On July 11, clashes broke out in Anefis, with the MNLA, HCUA, and dissident MAA fighting against the loyalist MAA, GATIA, and CM-FPR. The pro-government side was led by El Hadj Ag Gamou, an Imghad Tuareg, and Yoro Ould Daha, a Lemhar Arab. Gamou commanded around 200 troops. Rebel fighters were led by Hassan Ag Fagaga. Rebel forces remained in control of the town.

== Battle ==
Clashes broke out again in Tabankort, particularly near Anefis and Bourem on July 19. The three main towns seeing fighting were Tabankort, Akaskaza, and Tabrichat. On July 21, MNLA fighters shot at camp of nomadic Arabs near Tabankort, killing one woman and injuring three others. The three injured were evacuated by MINUSMA. Both the rebels and pro-government militias claimed victory in the clashes near Tabankort on July 22, with the MNLA claiming that MINUSMA intervened just before the MNLA was planning to launch an offensive that would've pushed the loyalists out of their positions.

== Aftermath ==
The MNLA claimed that several dozen loyalist fighters were killed and injured, but did not give any specifics.

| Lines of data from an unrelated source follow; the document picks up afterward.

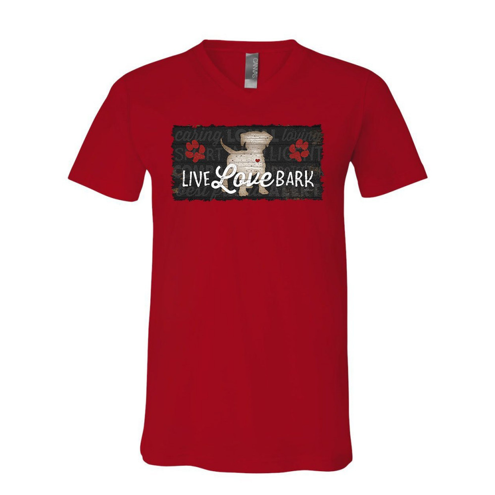 LIVE LOVE BARK v-neck t-shirt cute dog puppy doggie paw wiggle pet woof tee red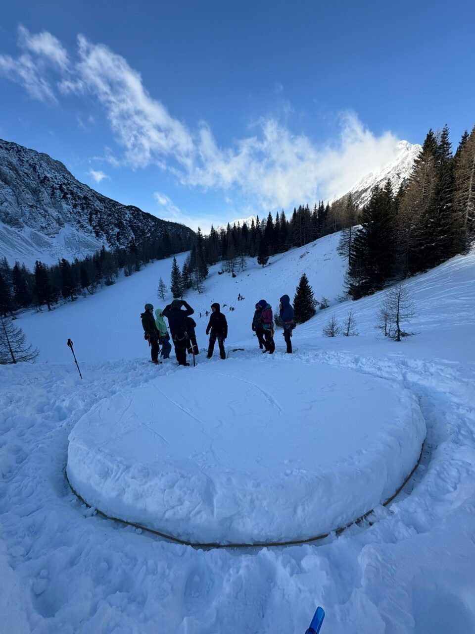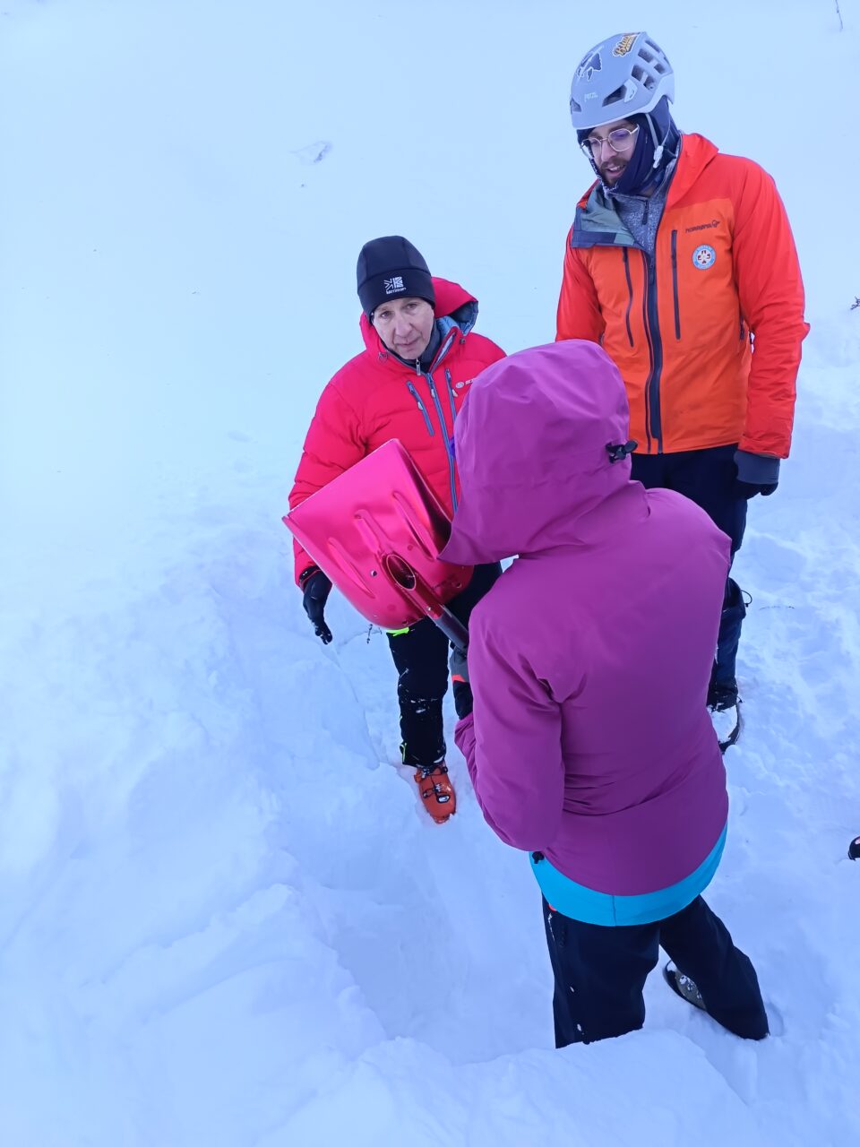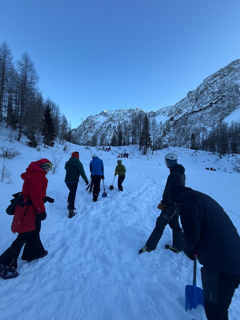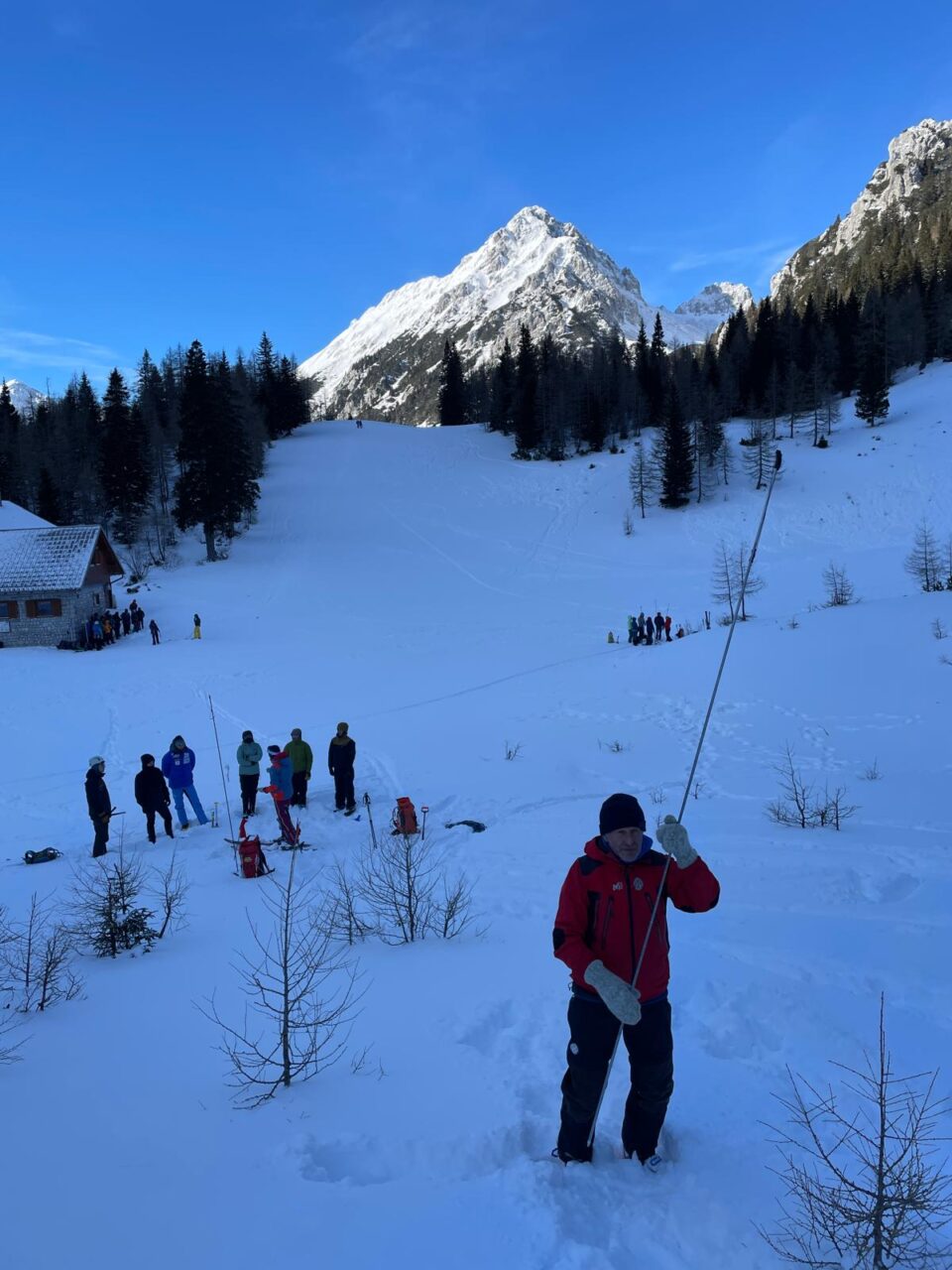 Ker nam je prikaz bil tako všeč, da smo ignorirali padajočo temperaturo in ledeni veter, smo vaje podaljšali za celo uro. Zato nam je zmanjkalo časa za kosilo in vmesni dvig telesne temperature v topli koči. Večina se nas je takoj po zaključku dopoldanskega dela porazdelila po treh postajah, ki so jih pripravili gorski reševalci. Stojko nam je prikazal vrste prerezov snežne odeje z namenom, da bi se izognili uporabi znanja, ki je bilo prikazano na naslednjih dveh postajah. Katarina in Jojo sta pripravila teren za iskanje zasutega v plazu. Ponovno smo slišali, da je lavinski trojček vedno trojček, ne enojček in da je tovariška pomoč ključna pri reševanju življenj. Pa tudi to, da smo reševalcem na mestu nesreče lahko v veliko pomoč, ne pa v napoto, kot smo domnevali. Na zadnji postaji je s tehniko sondiranja in odkopavanja zasutega v plazu dala piko na i še Zala. Kot zdravnica pri GRS je zelo nazorno ilustrirala možne posledice napak v zimskih razmerah, posebej v plazu. Kakorkoli, prerezov ni za podcenjevat.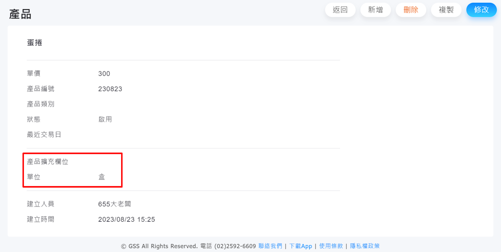 4. 於產品詳細資料頁面,也可以看到產品擴充欄位。

Malian media reported several dozen deaths across both sides. One report in particular stated ten rebel fighters were killed and thirty-five were injured. Of those injured, twenty-five were serious. Loyalist fighters saw six killed and fifteen injured.

Fighting broke out again in Ersane, near Tabankort, on July 31. Several loyalists were reportedly killed in the clashes.